I was first on the docket for surgery on the Friday, so stumbled out of bed around 4:45 am and took a cab to the hospital. My wife needed to get our daughter to school, so she would come and pick me up. At the hospital, I was entered into the system, had my insurance checked, prepaid, etc. etc. and sent to the pre-op area where I was given a gown and some oversized wetwipes to clean my body, and I was off. A horde of anesthesiologists, nurses and the surgeon filed by, more hands were shaken. I asked the surgeon if he had practiced his Krackow technique to which he flinched a bit and said he had just talked to his students about that - perhaps I should do the surgery? I was finally wheeled into the OR and given a general. Lights out.
When the lights came back on, my throat was raw from the breathing tube, but otherwise I felt good. I had a splint wrapped with an ace bandage on my leg and a kind nurse watching over me. The surgeon came by to say everything went well - it was a complete rupture and four sutures were put in keeping it together again. He had cast the foot at a neutral 90 degree angle and everything looks good. I could take a shower in two days, just don’t soak the wound, and keep the dressing clean. My wife arrived and the nurse offered to give me some fresh 4×4 dressings which we declined - we have a stash at home.

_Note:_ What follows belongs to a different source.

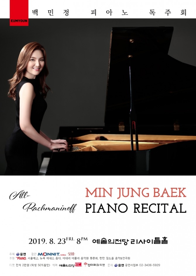 지난 7월 12일 뉴욕 카네기홀에서 리사이틀 데뷔를 성황리에 마치고 21년째 매년 여름 뉴욕 맨해튼에서 열리는 세계 피아니스트들의 축제인 ‘인터내셔널 키보드 인스티튜트 & 페스티벌(IKIF)’에 교수진으로 초청돼 2주 동안 세계적인 대가들과 함께 어깨를 나란히 하며 연주와 마스터클래스를 가지며 찬사를 받은 피아니스트 백민정. 그녀가 오는 8월 23일 오후 8시 예술의전당 리사이틀홀 무대를 열정적인 연주로 채운다.

Two days post surgery I was itching for a shower, and started to unwrap the bandage. As it unwrapped, it became obvious the bandage was embedded in the plaster, and either they had done a bad job or the splint was not meant to come off. I re-applied the bandage and decided to call the clinic in the morning - the shower could wait.
After leaving my message with the clinic in the morning I received a phone call in the afternoon asking if I had taken the bandage off yet. No, I said to which she replied good - you should leave it on. It’s sterile now, and it should stay that way. You can wrap the cast if you want to shower.
So here I am, just over two weeks post op with a smelly but completely pain free foot, waiting to remove the cast. I have hopped around on a funky-looking crutch called the OnlyOne crutch which allows me to use both arms, walk up and down stairs and have a fairly normal existence.
Every day I have delved deeper and deeper into studies and experiences from folks on this blog, and am coming to both a new understanding as well as a whole new host of worries. These worries come in a variety of flavors - regarding my tendon, my cast, my surgeon, my rehab - and my interim conclusion, which seems to jive with many on achillesblog, is that there really is no standard approach to this, and it is absolutely incumbent on the patient to put together all the pieces.
While I have none of the knowledge or technical skill of a surgeon to make the incision, stay away from nerves, protect the sheath, clean up the tendon endings, minimize trauma, I do have deep knowledge of my own body, what feels right to me and how I want to be involved in the recovery. In the next 6-9 months and beyond, it will be incumbent on me to manage whose direction and insight to listen to and when to insist that my insight should take precedence. It will never be obvious, but I hope I will be able to know when to listen and defer and when to speak up. All the information and insight on this site is a huge help for me in making sure I manage my treatment in the best way, and I am grateful to all the time people spend sharing what they have learned so we all can be better prepared and have better outcomes in the end.
The cast comes off on Tuesday - I will come armed with questions regarding the surgery, the rehab protocol, which boot I should use, etc. and with everyone’s help, I will be on my way through limping to running and playing with my daughter again.